Sunday, September 20, 2009

"Olive Kitteridge" by Elizabeth Strout

This book is awesome. But what I want to talk about isn't the linked short stories within these covers, but the author interview that follows them. In it, not only is Strout interviewed, but her fictional character Kitteridge is, too.

And it's a complete joke. These stories have pathos that crash over you, again and again, like a set of tidal waves. As a reader you really go somewhere with Olive and her town of Crosby, Maine. But then to reach the end and begin the interview, hoping that Strout might explain where these characters came from and how their sum narrative arc was choreographed, and instead find Olive has been cheapened to coy remarks to the interviewer and Strout--well, I felt taken advantage of. Like Ralphie from "A Christmas Story," where Annie's secret message is a crummy commercial for Ovaltine.

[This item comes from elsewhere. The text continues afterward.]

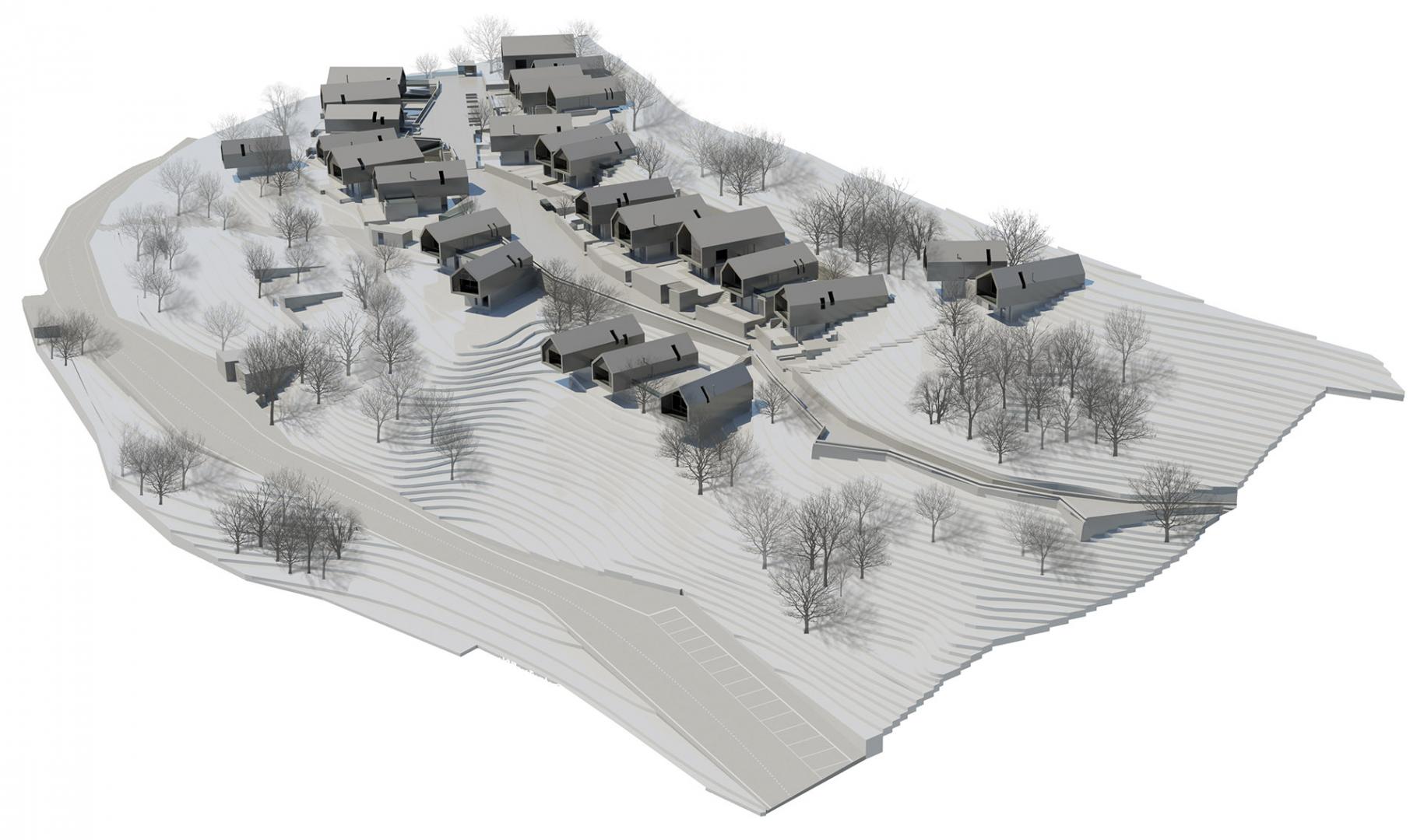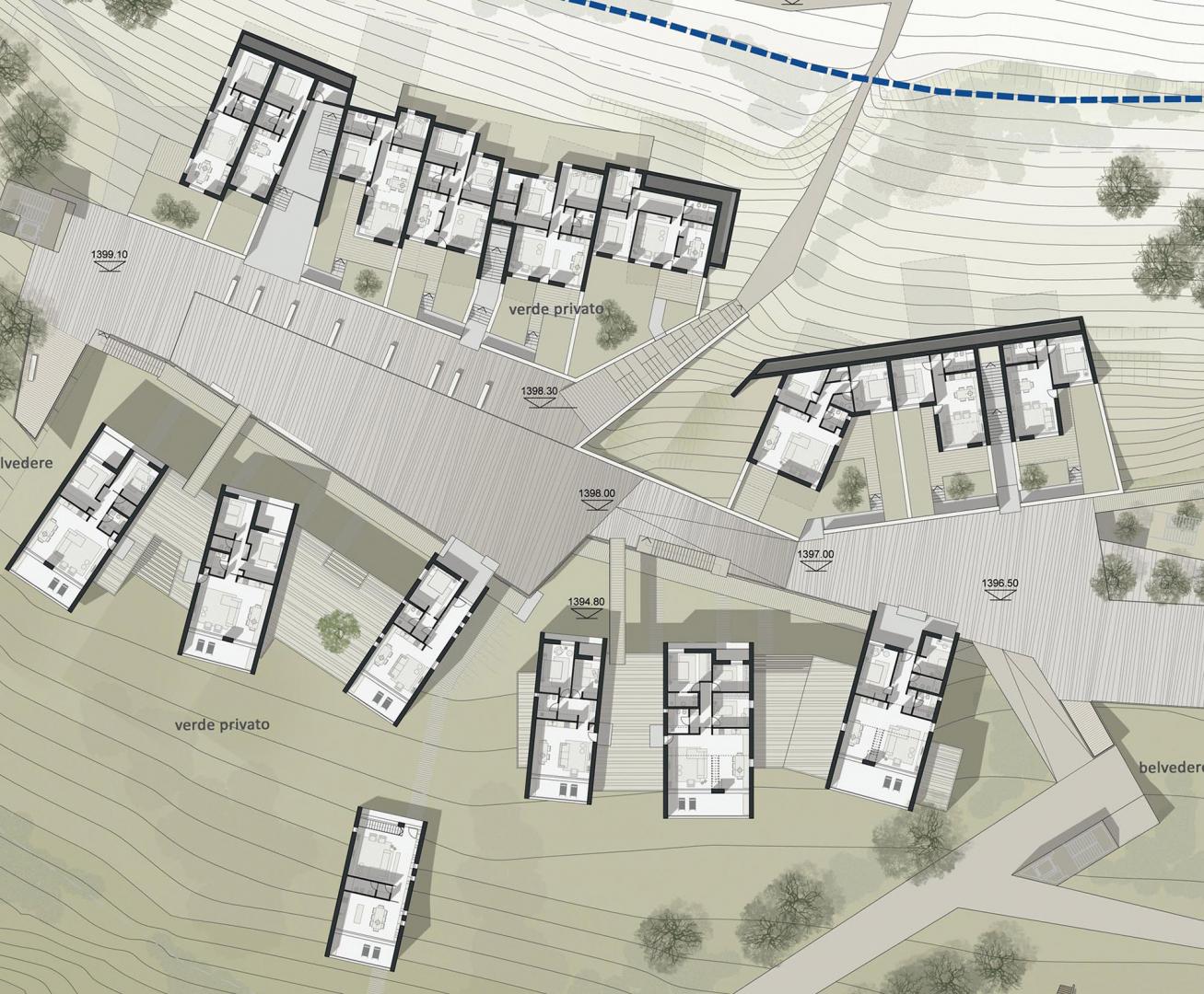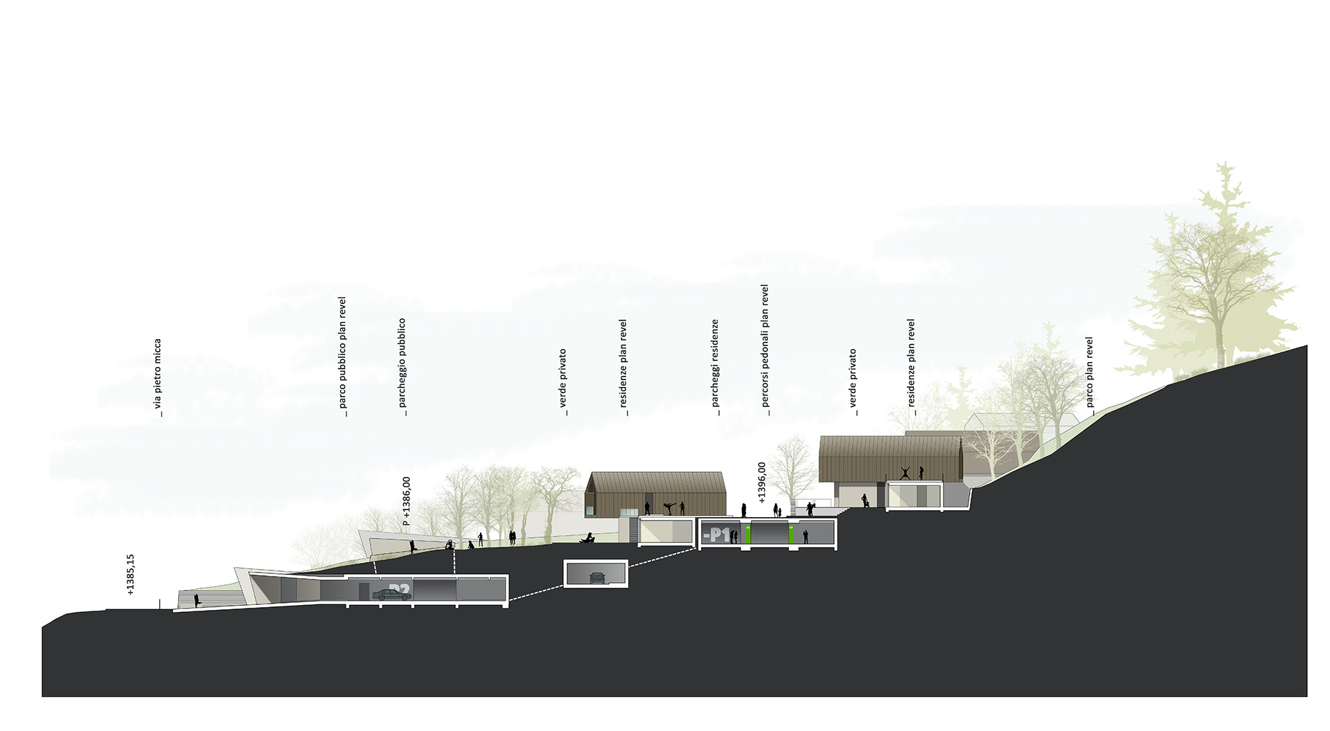 Il paesaggio viene posto quale elemento da valorizzare; si conservano i tracciati consolidati di accesso alla montagna, in una continua integrazione dell’intervento nell’ambiente montano. Gli spazi a servizio della residenza vengono visivamente minimizzati con strutture ipogee. I percorsi e gli spazi esterni sono studiati per creare luoghi di aggregazione sociale e di osservazione dello spettacolo naturale rappresentato dalle montagne circostanti

In one of these stories, a character rips pages out of a magazine that contain a short story that reminds her too much of her sorry state of affairs. In reading this interview, I wanted to rip it out of the book so it wouldn't contaminate what is truly remarkable writing.

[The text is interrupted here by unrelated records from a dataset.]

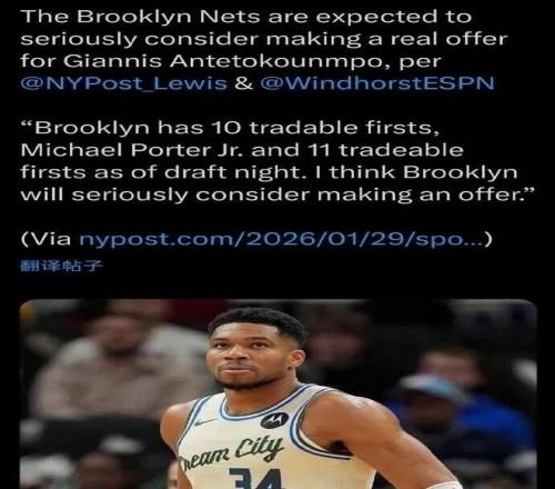 据ESPN名记 Windhorst和篮网队记Lewis联合报道,篮网预计将认真考虑一波为字母哥提供一份正式报价。
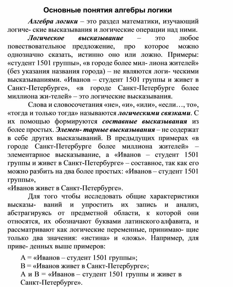 Слова и словосочетания «не», «и», «или», «если…, то», «тогда и только тогда» называются логическими связками. С их помощью формируются составные высказывания из более простых. Элемен- тарные высказывания – не содержат в себе других высказываний. В предыдущих примерах «в городе Санкт-Петербурге более миллиона жителей» – элементарное высказывание, а «Иванов – студент 1501 группы и живет в Санкт-Петербурге» – составное, так как его можно разбить на два более простых: «Иванов – студент 1501 группы»,
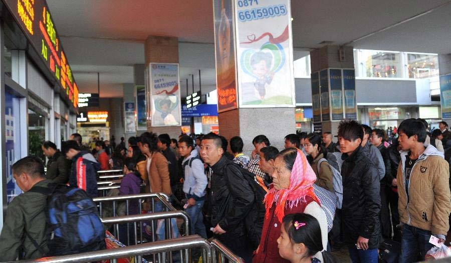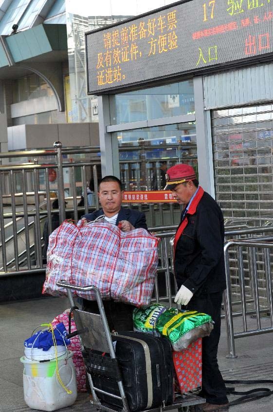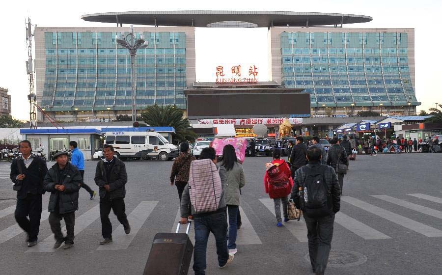 | Người dân chất hành lý tại ga Côn Minh. Theo ban quản lý nhà ga Côn Minh, các chuyến tàu khởi hành từ nhà ga không phải hủy hay hoãn bởi vụ tấn công. |

Saturday, September 19, 2009

Technical Difficulties


I know. I can't believe I'm going to give up this car in three weeks, either.

Friday, September 18, 2009

I Heart Austin Palmer

And you thought I was done with cursive.

Earlier this week, the ESOL teacher whom I'm assisting said she pays extra attention to her penmanship when writing in cursive on a student's paper. She said many English language learners aren't very familiar with cursive. Which is not something I'd thought about before.

Most cursive and print letters are similar, which I'd imagine make things pretty simple for an English language learner. The uppercase Q is a perfect quagmire, but most letters aren't as difficult. Like the "M" or "m". If you could recognize the printed versions, you'd probably recognize their cursive counterparts.

I think it was my dad who sent me an email forward with sentences consisting of words with some letters out of order. But, because there's enough that's correct, you can read the sentence perfectly well. Your mind makes the correction. (I tried to find a link for this, but wasn't successful. Anyone know what I'm talking about?)

While I like writing and cursive, my cursive is actually a hybrid of cursive and printing. I sort of took the letters that I like from each type, and made my own writing. But this could be difficult for ESL students. So I tried to make my comments only in cursive. Except for my capital "F"s. Too fussy.